You may be a very informed company and have begun to look for available software packages to ease the burden on your IT staff. If you have started that search, you represent a small percentage of companies. And I will also assume you have been very disappointed with the quality of software you have discovered in the market place. Most available products offer a partial solution, a solution designed for a single data platform, or a solution requiring massive support from expensive technical staff.

What is needed, and needed Now, is an application that performs the vast majority of tasks and extensibility necessary for regulatory compliance. You may ask what are those tasks? Each country mandates that you fully inform clients, customers, business partners etc. as to your intended use of the data you collect from them. This would include, but is not limited to uses such as marketing research, re-selling their data to others, targeting promotional material to them, and many other uses. I am sure your legal staff is capable of developing material that will meet these regulations. We therefore will concentrate on regulations dictating how a company must protect data from misuse or theft. Below is our understanding of the major data collection, storage, and processing requirements needed to comply with regulations;

-         Personally, Identifiable information (PII) must be protected, either by removal, Data Swapping, Data Reduction or simply encryption. Data Swapping and Data Reduction are difficult techniques used mostly to deliver research findings. Encryption is our preferred method to protect PII.  
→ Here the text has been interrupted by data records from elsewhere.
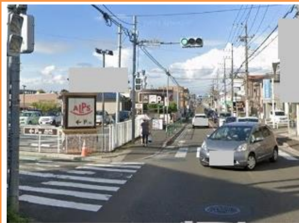
11 平山四丁目1番地先 南平住宅入口交差点

【現状】 市道から都道へ出る左折車両が多く、歩道通行中の児童が巻き込まれる危険がある。 【対策メニュー】 曲がり箇所注意喚起のためポストコーンを設置しました。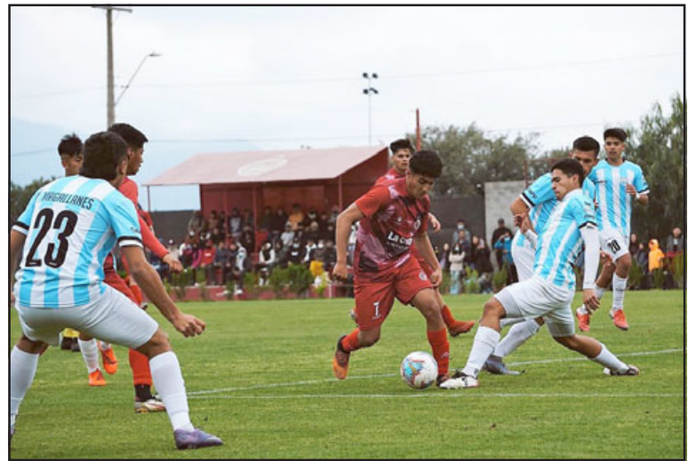
Unión San Felipe en uno de los partidos de la fase regular en la serie de Proyección.

En el final de la conversación el entrenador mostró su confianza respecto a que varios de sus jugadores podrán dar el salto al equipo profesional: «Hay materia prima, varios pueden dar ese salto, sólo se trata que los jóvenes tengan la capacidad de adaptarse a una exigencia mayor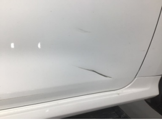
Kapı, sağ ön, Kapı, sağ ön > Ezik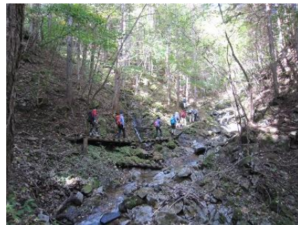
〔南天山沢コースの登山状況(中級者向け)〕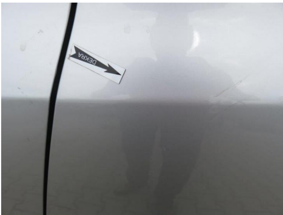
Fot. 47. błotnik TL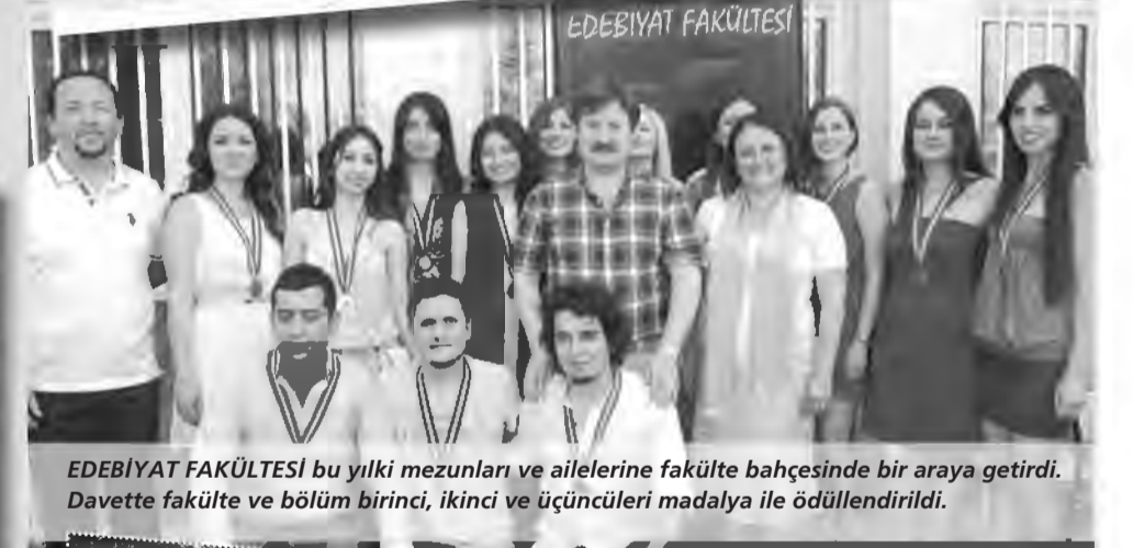
EDEBİYAT FAKÜLTESİ bu yılki mezunları ve ailelerine fakülte bahçesinde bir araya getirdi. Davette fakülte ve bölüm birinci, ikinci ve üçüncüleri madalya ile ödüllendirildi.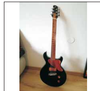
038 - [Recycling] Die Familiengitarre- @Lollipop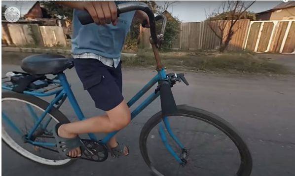
Abbildung 7: Filmstill aus THE DISPLACED von der Kamerahaltung an Olegs Fahrrad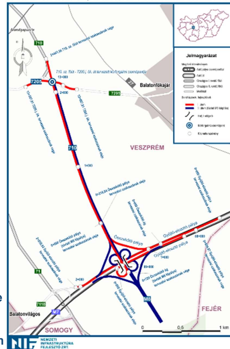
M7 - 710. SZ. FŐÚT CSOMÓPONT, 710. SZ. FŐÚT BEKÖTÉSSEL PROJEKT MEGVALÓSÍTÁSA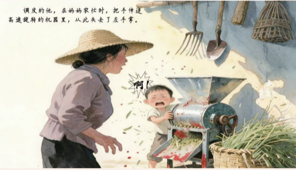
调皮的他,在妈妈家帮忙时,把手伸进高速旋转的机器里,从此失去了左手掌。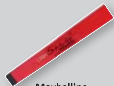
Maybelline Stiletto Volume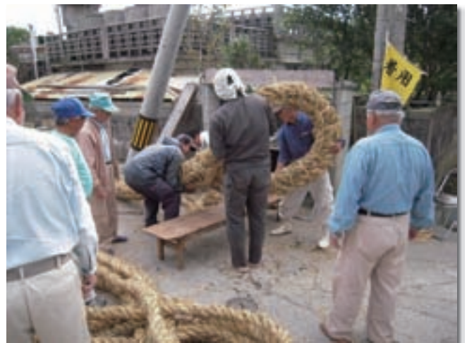
西原区 綱作りの様子

平成23年度計画を実施した効果として、まずは地域の文化遺産の保存継承を充実することができたことがあげられます。西原区アミシ綱曳きは毎年行われている地域行事の一つですが、長年綱作りは行われていませんでした。今回、この事業において地域住民が協同で綱作りを行ったことで、綱作りをしたことのない若い世代へ伝統行事の継承を行うことができました。2日間にわたり、

-         The Right to be Forgotten. The EU requires the removal of all PII data from your databases if an individual makes such a request. Finding all this data amongst the disparate data stored these days is much easier thought about than delivering upon,

Looks like a small list that should be easy to accomplish, correct? Let’s look at it more closely and then decide how easy it will be.
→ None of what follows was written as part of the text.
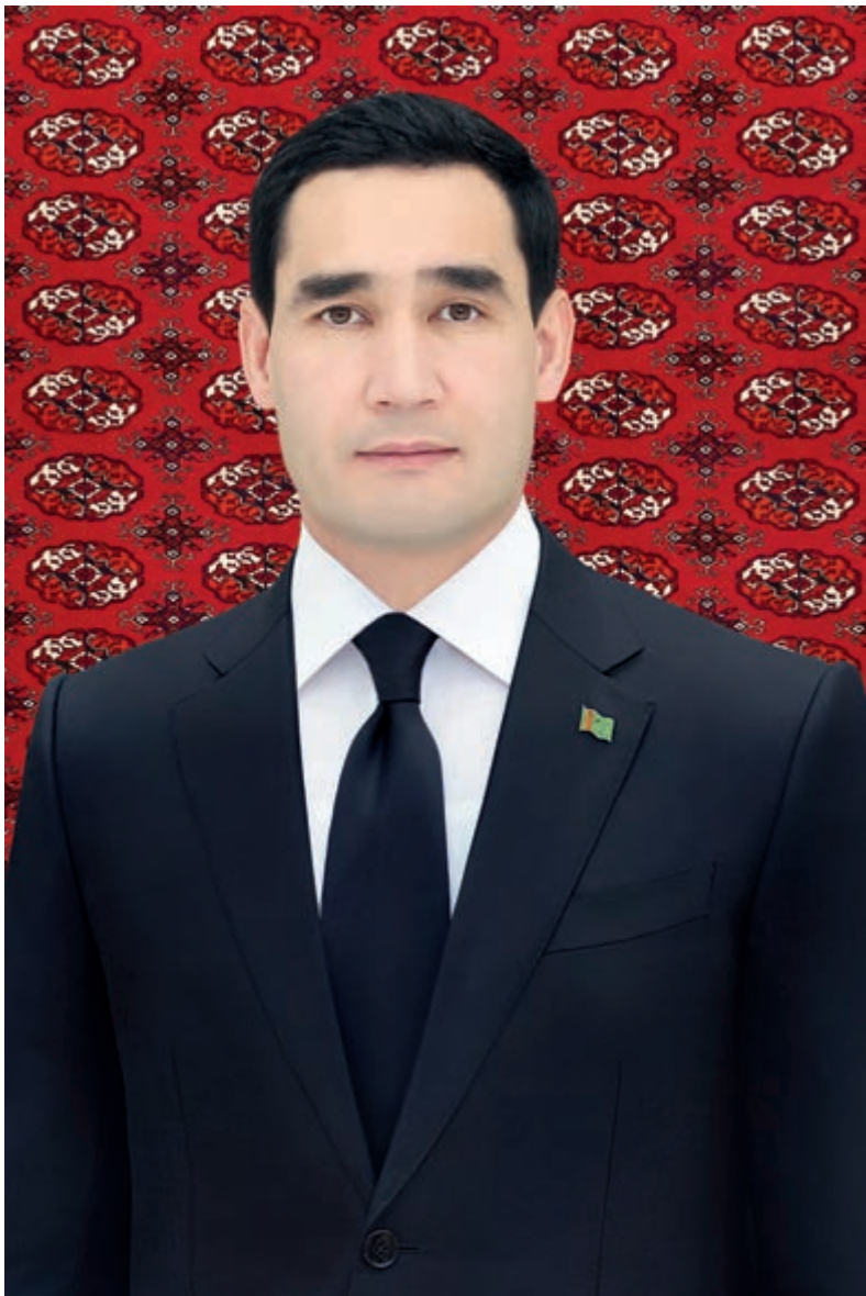
TÜRKMENISTANYŇ PREZIDENTI SERDAR BERDIMUHAMEDOW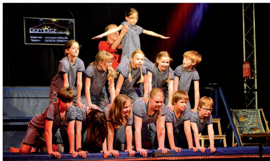
Einen ungewöhnlichen Stundenplan hatten die Rahmer Jungen und Mädchen mit „Zirkus Pompitz“. Stolz präsentierten sie ihren Zuschauern die tollen Ergebnisse.

-         What is PII data really? It is any Direct Identifier, or single data column, that uniquely identifies an individual; such as name, address, Tax-id, bank account etc. PII also includes any combination of Indirect Identifiers, which are single data rows that would uniquely identify an individual when combined; such as Date of Birth, Gender and Mailing Code.

-         The unfortunate reality of PII is that no definitive list has been published to give you confidence that all forms of PII contained in your various data stores have been removed or encrypted.  Your software must be flexible enough to identify additional fields or combination of fields, at any time, as new PII are understood.

-         Another troubling aspect of Indirect Identifiers is that they might not be in a single file to be considered a violation. If you have a person’s Gender in one file, their Mailing Code in another file and their Date of Birth in a third file it would be considered a violation of GDPR. This is described as Cross File Indirect Identifiers. As of this time we know of no vendor that even claims to address these violations, except for BigDataRevealed.

-         Please keep in mind these regulations are not limited to your main processing systems, they include data contained in PDF files, Emails, Word Documents and any other form of unstructured data maintained by your company.

What will your IT infrastructure look like in order to find all the PII data hidden in your multiple data stores?

-         Finding a product that will discover PII data across all your various platforms would be ideal. You don’t want to struggle using, maintaining and integrating software for each of your legacy systems, such as IBM Mainframe, Teradata, and AS400; and then another set of products for SQL Server, and another for PDFs and emails, and even a set for IoT.

-         How will you preserve your production systems speed, reliability and integrity while complex pattern searches and cross file data comparisons are being executed.

-         We believe the sensible approach would be to use a single platform that accepts any type of digitized data from all of your various data stores. A platform with enormous storage capacity to house all the data being analyzed and all the intermediate tables that are necessary to fully complete Indirect Identifier discovery. A platform that is extensible and capable of providing incredible processing power. We believe that choice should be Apache Hadoop.

-         You may need an ETL tool to extract data from your various platforms and deliver it to Hadoop, but many fine quality, mature ETL tools are available at reasonable prices and of course the No cost Apache products like Sqoop.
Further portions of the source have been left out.